Troubleshooting by Inspecting Log Files
The log file locations required for additional troubleshooting are in the standard Oracle Automatic Diagnostic Repository (ADR) trace file locations. However, for user convenience, their fully qualified file name are provided in the output of the show database verbose [database member name]
command.
For example:
$ dgmgrl / "show database verbose orcl" | grep -i 'log '
Log file locations:
Alert log : /u01/app/oracle/diag/rdbms/orcl/ORCL/trace/alert_ORCL.log
Data Guard Broker log : /u01/app/oracle/diag/rdbms/orcl/ORCL/trace/drcORCL.log
To investigate the problem further, inspect the Data Guard broker log file.
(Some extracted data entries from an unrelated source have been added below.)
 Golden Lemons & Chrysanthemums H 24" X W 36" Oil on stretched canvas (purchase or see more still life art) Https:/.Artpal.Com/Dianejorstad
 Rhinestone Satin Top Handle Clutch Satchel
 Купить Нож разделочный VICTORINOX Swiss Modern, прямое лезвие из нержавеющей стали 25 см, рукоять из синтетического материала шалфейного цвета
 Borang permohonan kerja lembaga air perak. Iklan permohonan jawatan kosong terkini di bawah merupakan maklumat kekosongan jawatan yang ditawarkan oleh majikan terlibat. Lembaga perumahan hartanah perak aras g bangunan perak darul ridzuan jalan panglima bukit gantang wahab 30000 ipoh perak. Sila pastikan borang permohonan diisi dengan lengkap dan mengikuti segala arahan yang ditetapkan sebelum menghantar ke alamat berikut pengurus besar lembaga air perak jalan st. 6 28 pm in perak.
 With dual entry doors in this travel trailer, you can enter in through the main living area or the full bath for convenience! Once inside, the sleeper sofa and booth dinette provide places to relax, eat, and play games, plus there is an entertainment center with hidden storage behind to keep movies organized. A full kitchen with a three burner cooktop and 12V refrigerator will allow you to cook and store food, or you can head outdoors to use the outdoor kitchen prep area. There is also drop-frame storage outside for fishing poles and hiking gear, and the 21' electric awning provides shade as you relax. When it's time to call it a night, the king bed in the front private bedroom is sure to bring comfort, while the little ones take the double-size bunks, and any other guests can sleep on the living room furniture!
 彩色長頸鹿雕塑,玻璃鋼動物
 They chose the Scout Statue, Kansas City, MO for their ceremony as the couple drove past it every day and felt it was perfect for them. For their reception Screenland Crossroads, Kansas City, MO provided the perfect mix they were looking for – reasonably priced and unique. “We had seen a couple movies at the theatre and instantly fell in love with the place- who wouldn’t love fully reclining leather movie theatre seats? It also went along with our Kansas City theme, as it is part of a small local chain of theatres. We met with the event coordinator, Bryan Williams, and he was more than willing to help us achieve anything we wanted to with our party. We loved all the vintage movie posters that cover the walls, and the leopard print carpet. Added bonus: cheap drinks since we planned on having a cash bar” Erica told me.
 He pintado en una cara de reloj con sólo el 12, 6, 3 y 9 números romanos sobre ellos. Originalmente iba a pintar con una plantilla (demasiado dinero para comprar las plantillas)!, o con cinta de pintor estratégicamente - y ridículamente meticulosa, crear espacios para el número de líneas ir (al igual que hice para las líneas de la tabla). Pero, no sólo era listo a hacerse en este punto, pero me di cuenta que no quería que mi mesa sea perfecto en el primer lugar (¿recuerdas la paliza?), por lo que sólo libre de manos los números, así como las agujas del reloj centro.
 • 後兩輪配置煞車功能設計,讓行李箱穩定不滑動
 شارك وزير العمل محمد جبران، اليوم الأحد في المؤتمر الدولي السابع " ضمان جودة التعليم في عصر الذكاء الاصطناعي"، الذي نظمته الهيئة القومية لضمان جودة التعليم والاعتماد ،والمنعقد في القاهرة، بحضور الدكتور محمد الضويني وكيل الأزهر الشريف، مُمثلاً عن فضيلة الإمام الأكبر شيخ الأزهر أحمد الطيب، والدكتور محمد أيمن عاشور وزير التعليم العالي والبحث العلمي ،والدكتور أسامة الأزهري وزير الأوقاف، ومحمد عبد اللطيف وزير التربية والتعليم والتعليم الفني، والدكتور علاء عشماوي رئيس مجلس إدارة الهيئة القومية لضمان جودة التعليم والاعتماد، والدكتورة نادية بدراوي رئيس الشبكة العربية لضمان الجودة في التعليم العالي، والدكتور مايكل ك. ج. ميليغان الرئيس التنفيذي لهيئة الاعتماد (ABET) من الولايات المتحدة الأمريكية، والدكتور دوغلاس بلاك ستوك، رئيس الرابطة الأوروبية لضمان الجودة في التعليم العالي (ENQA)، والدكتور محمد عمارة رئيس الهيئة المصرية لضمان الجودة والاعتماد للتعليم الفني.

Additionally, check the database’s alert log.
If the cause of the problem is not apparent from the details in one or both of these log files, searching for an explanation of, and solution to, the problem on the My Oracle Support website may be required. And, in some cases, opening of a support case with Oracle support may be necessary.